As I said, I don't own a game store so maybe i'm missing something, but if I was running GW i'd have thought Sisters of Battle would be an excellent opportunity to draw in new customers and change the image of a pretty male game. But hey, i'd like to see a Codex: Salamanders, so I don't really mind if GW focus all their efforts on giving you choices of Marines in boxes.

Tuesday, 23 August 2011

Space Marine: The Demo

In retrospect, I probably should have got a better screenshot of one sexy graphical bug. But yeah, this picture sums up most of my thoughts about the game, so far it looks good, except for a few details.


So I got the demo today. I figured i'd wait for a few days after it officially came out, because GW seems to dislike the UK and thought they'd make it difficult for us to download it. Although I heard rumours that was Games fault, because they got upset that everyone loved Steam and forced Relic/GW to restrict access.

It's always hard to know what Relic are going to do with 40k games, when Retribution came out they made the came much more like Company of Heroes (a plus) but then decided to only make enough campaign missions for one race and forced all the campaigns to effectively be the same, with different models and voice actors.

But Space Marine feels fun, in the way that most hack 'n' slash games tend to be. Ranged weapons, perhaps because the demo only had a bolter/bolt pistol, felt insanely underpowered, I guess to make the melee feel even more impressive when one Chainsword stroke rips in half an Ork who's exact clone took 15 bolt rounds to the face.Maybe they'll deal with that when you can access more weapons. Jump Packs are as fun as they look, although getting the hang of it is difficult at first, mostly due to bugs and the fact the game froze randomly for 20 seconds whenever it felt like it was flowing too well.

But bugs are to be expected in a demo, and honestly it looks like a fun game. If the issues, most of which i'd say stem from it only being a demo, are ironed out it should be fun. It's just a shame it takes an extra 3 days to  release a game in the UK compared to the USA.

Tuesday, 16 August 2011

Who Knew Painting Could Be Fun?

One of the reasons I don't play very much is because i'm a terrible painter, and my armies are always atrocious. But I had a day off, so I thought i'd try and do a model I could be proud of. I choose an old Eldar Farseer, from when I was like 12. After stripping all the paint (there goes my morning) i've re-based it, and have started painting. About half an hour in, i've painted basically none of it, but i'm happy with how it looks, and surprisingly i'm actively enjoying painting.

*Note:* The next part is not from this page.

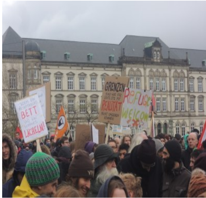
Abb. 9 und 10: Plakate auf dem Demonstrationzug, Kathrin Wildner, 2015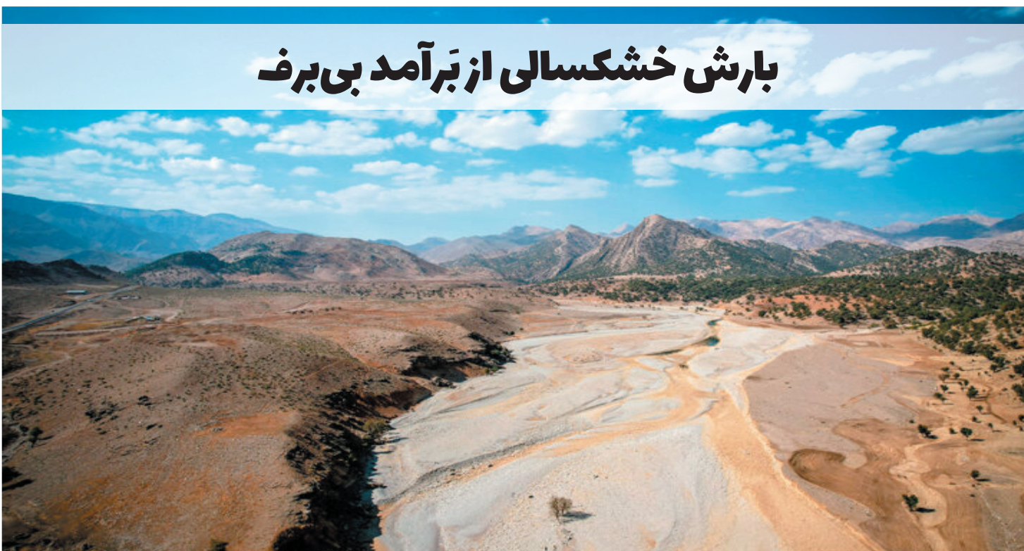
بارش خشکسالی از برآمد بی برف

I guess the key with painting is to look at it as an enjoyable part of the hobby, not an annoying step between buying and having an army.

I really don't know how to play Eldar, and I doubt I have enough stuff to even build an army, but i'm going to paint a few models and see how it goes, especially because I can't afford to buy any new stuff without salvaging and selling the old. If Eldar fluff wasn't just "We're all really arrogant, and pretty much the punching-bag of the Galaxy" I might try to put together a list following a fluffy theme, which is what I normally do in the absence of the knowledge to do a list that actually works.

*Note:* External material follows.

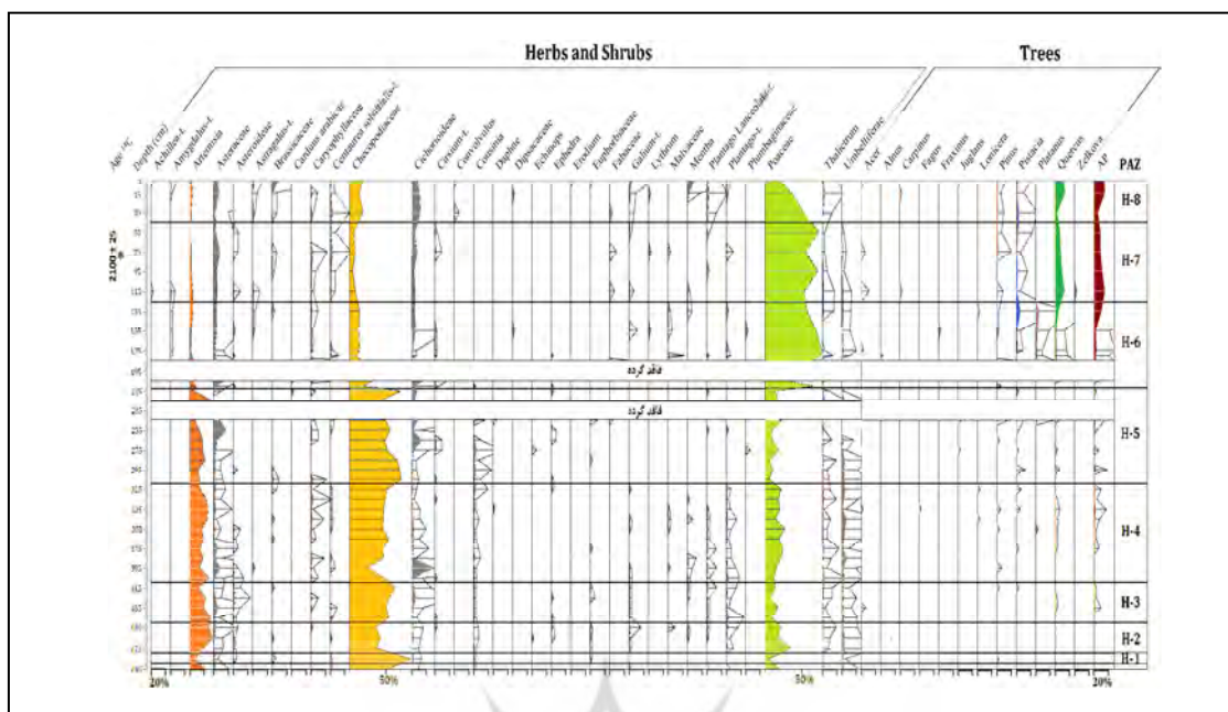
شکل ۲ نمودار گرده درصدی گیاهان علفی، درختچه‌ای و درختی مغزه رسوبی تالاب هشیلان (ترسیم شده بر اساس گرده‌های گیاهی شمارش شده از مغزه تالاب هشیلان)، (خطوط افقی نازک مقطعی از مغزه رسوبی که عملیات آماده‌سازی نمونه و شمارش گرده در آن‌ها انجام شده است را نشان می‌دهد).

So I guess for now my challenge will just be to paint a few models, and try and avoid the trap Eldar fall into really easily: Looking like clowns.

Sunday, 14 August 2011

Tournaments

A lot of people have been writing about their experience at 'Ard Boyz. Of course if I was a legitimate blogger, who understood 40k I should be too.

Unfortunately, i'm not. But as we're talking about tournaments, here's a video you might find interesting/rage inducing/incredibly boring or a range of other emotions, depending on how much you care about illegal models and sneaky underhand tactics.

http://www.youtube.com/watch?v=tUxjS-wOxNY

There are a lot of cheap people out there, and on the one hand I was a little bit shocked at how far someone would go to try and cheat at a wargame, on the other hand I was slightly impressed by his deviancy.

You can do a lot of cheap things, from wasting time to arguing about petty rules for the sake of it, but this ranks pretty high on the list of ways to lose friends at a tournament.